Draw 12 circles (3 inches in diameter) on 2 baking sheets covered with unglazed brown paper. (Do not use recycled paper.) Starting at center of each outlined circle, pipe meringue in a flat spiral fashion, using a circular motion that ends just inside each circle's outline. (This forms base of meringue cup.) Continue to pipe meringue atop outer ring of base, using a circular motion, to form 2 continuously attached and stacked meringue rings. (These form sides of meringue cup.) Repeat procedure with remaining meringue mixture.
Bake at 225° for 45 minutes.
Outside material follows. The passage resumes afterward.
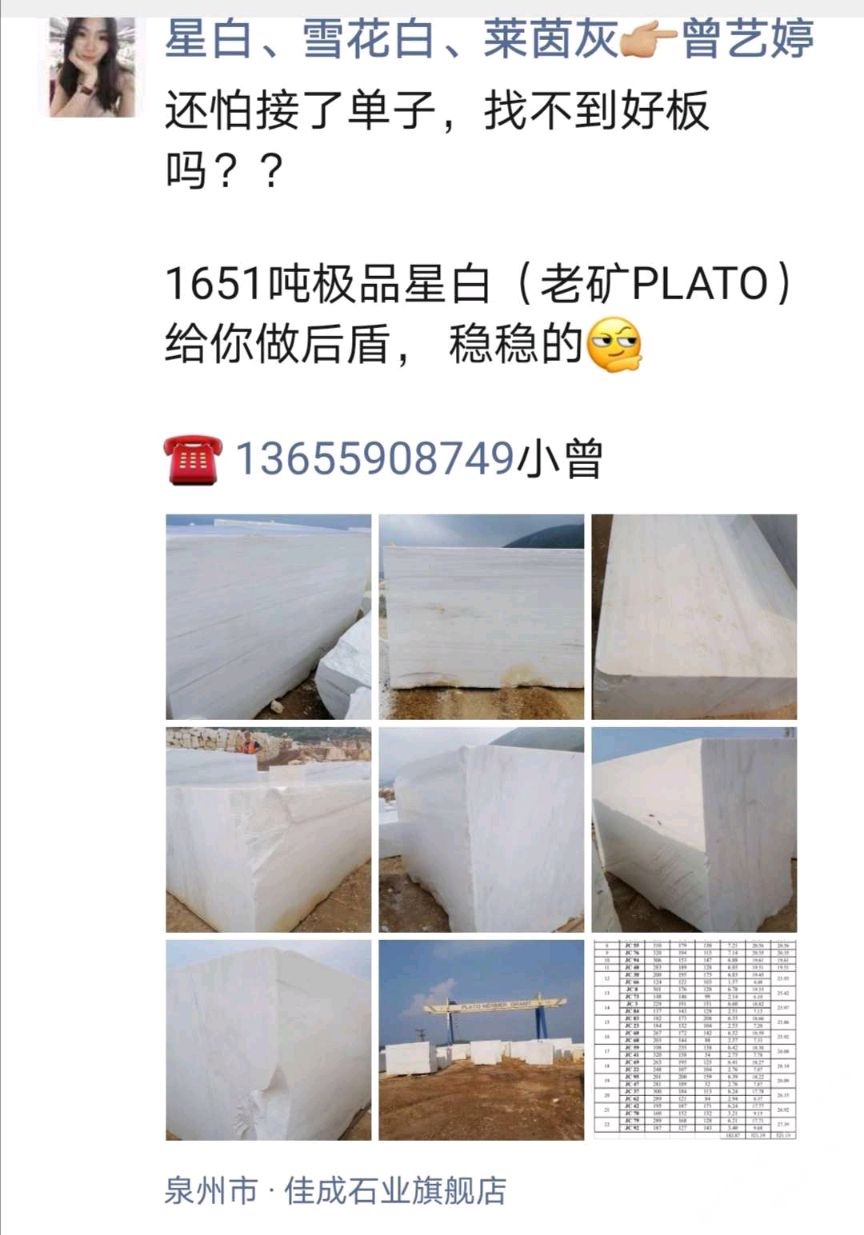 發(fā)布信息: 大量現(xiàn)貨,老礦PLATO星白1651噸, 荒料可賣,可單挑,可訂切! 聯(lián)系電話:13860761011呂

Turn oven off; cool meringue in oven at least 1 hour. (Do not open oven door. ) Remove baked meringue cups from brown paper. Use immediately or store in airtight containers.
Place 6 baked meringue cups on individual dessert dishes. Spoon 1/4 cup Peach Filling into each cup. Stack remaining baked cups, base side down, on top of filling. Spoon remaining Peach Filling evenly over top, filling cup and allowing excess to drizzle down sides. Top with fresh peach slices, and garnish plates with peach leaves, if desired.